In a household where responsibility weighs heaviest on the eldest, a young boy bears the unacknowledged burden of endless chores. While his younger siblings receive weekly allowances for their simple tasks, he silently navigates a daily storm of duties that go unpaid, his efforts woven into the fabric of family expectations rather than rewarded.
Despite his tireless work—making beds, cooking, cleaning, and more—he faces a painful truth: love and responsibility are deemed payment enough. Yet beneath this expectation lies a quiet ache, a yearning to be seen and valued beyond the role of the eldest sibling, challenging the fairness of a silent sacrifice that often goes unnoticed.

AITA for refusing to babysit when my parents asked because they wouldn’t pay me?














As renowned researcher Dr. Brené Brown explains, “Boundaries are the distance at which I can love you and me simultaneously.”
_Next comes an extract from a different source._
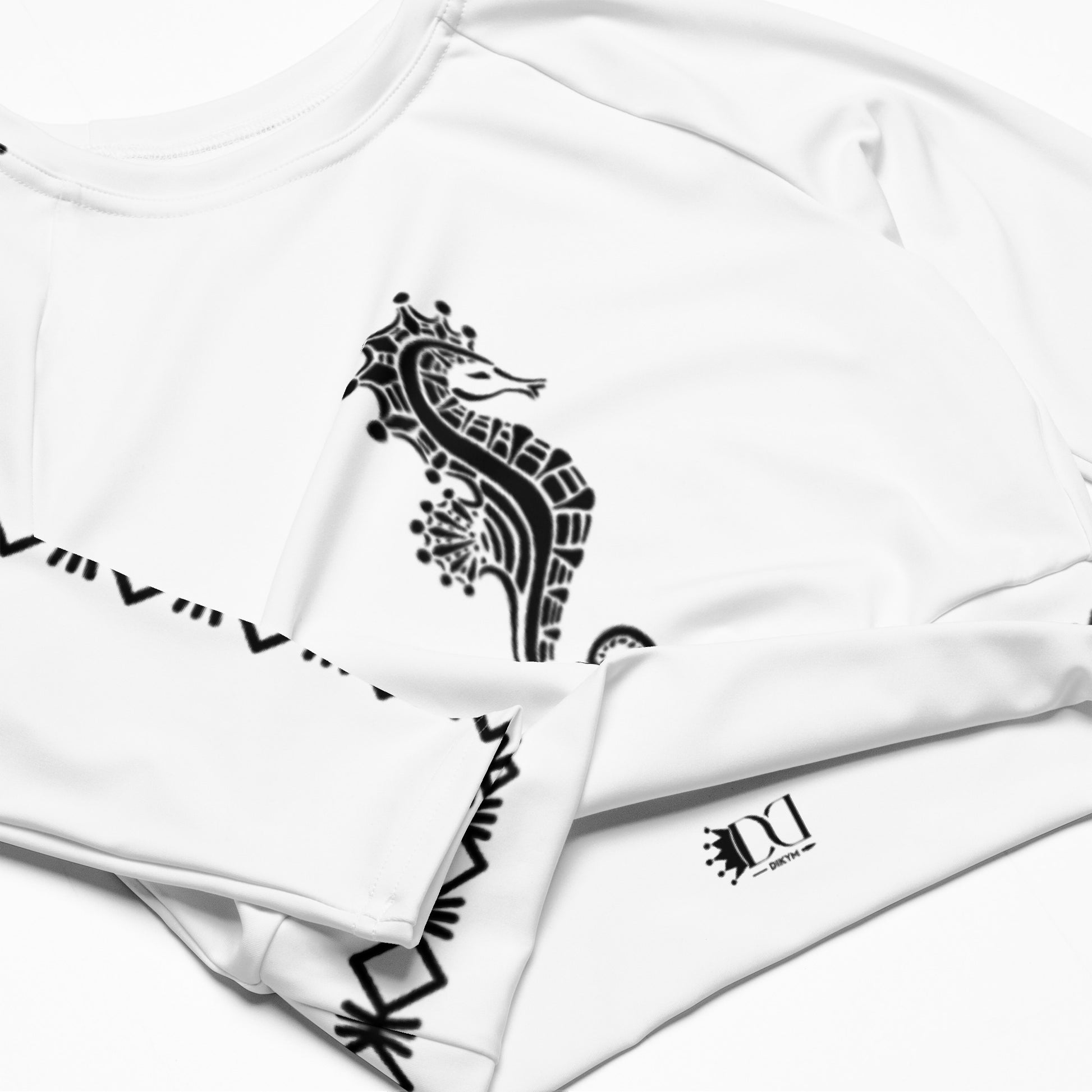 Ce haut court à manches longues est fabriqué en polyester recyclé et en élasthanne, faisant de lui un choix écologique pour la natation, le sport ou les tenues de sport. Le haut court est doté d'une étiquette d'entretien détachable et d'une large ceinture à double épaisseur pour une coupe confortable.

This situation centers on the critical issue of perceived fairness and the establishment of boundaries within a family economic structure. The OP is engaging in classic equity theory violation; he is putting in substantially more effort (five major chores vs. one chore for his siblings) for zero reward, while his younger siblings are financially incentivized for minimal tasks. The parents’ rationale—that being the oldest constitutes payment through generalized ‘responsibility’—is an attempt to shift the emotional and financial burden onto the older child without clear communication or reciprocal value exchange. When the OP secured a job, he essentially created an external market value for his labor, which the parents initially resisted because it disrupted their established system of free, uncompensated labor. His refusal to babysit without pay is a direct, albeit possibly poorly communicated, boundary setting mechanism based on the established precedent that labor equals payment in this household for everyone except him.
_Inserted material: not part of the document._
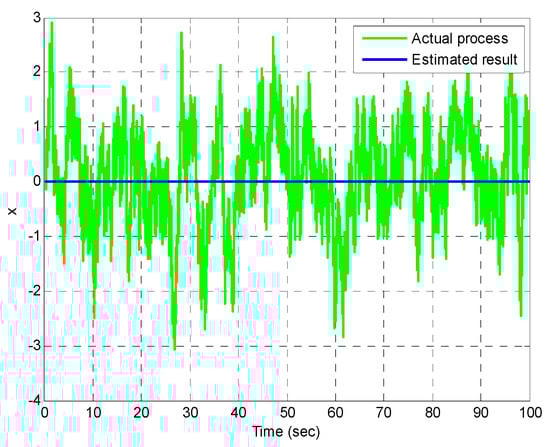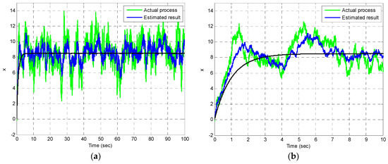 Figure 11 provides the estimation result in the case of additional deterministic control input. The plot on the right provides a close look at the time interval 0–10 s. The curve in black indicates the response due to the deterministic control input. The results are consistent with the theoretical result shown as in Figure 2 in Example 1.

The parents’ escalation by stating they ‘can make’ him babysit suggests an imbalance of power and a potential misapplication of parental authority over earned compensation. The OP’s response, “they get what they pay for,” is sharp but reflects a learned behavior: if his effort is not valued monetarily, he will reduce his output to match the minimal expected return for unpaid work. Moving forward, the OP should seek mediation or formalize an agreement. He should propose a clear, written chore chart that either compensates all children based on task difficulty or eliminates payment entirely, making all tasks clearly defined responsibilities for everyone, regardless of age. Consistency in policy is key to resolving this perceived favoritism.
REDDIT USERS WERE STUNNED – YOU WON’T BELIEVE SOME OF THESE REACTIONS.


















The original poster (OP), a 16-year-old, feels unfairly treated because he performs significantly more household labor than his younger siblings but receives no compensation, while they are paid for simpler tasks. His attempts to address this disparity by setting boundaries and seeking external employment have led to conflict, with his parents viewing his actions as disrespectful rather than a response to perceived inequity.
Is the OP justified in refusing unpaid labor, specifically babysitting, given the established pattern of his parents paying his younger siblings for less work, or are the parents correct in asserting that the oldest child should perform these duties without pay as part of familial responsibility?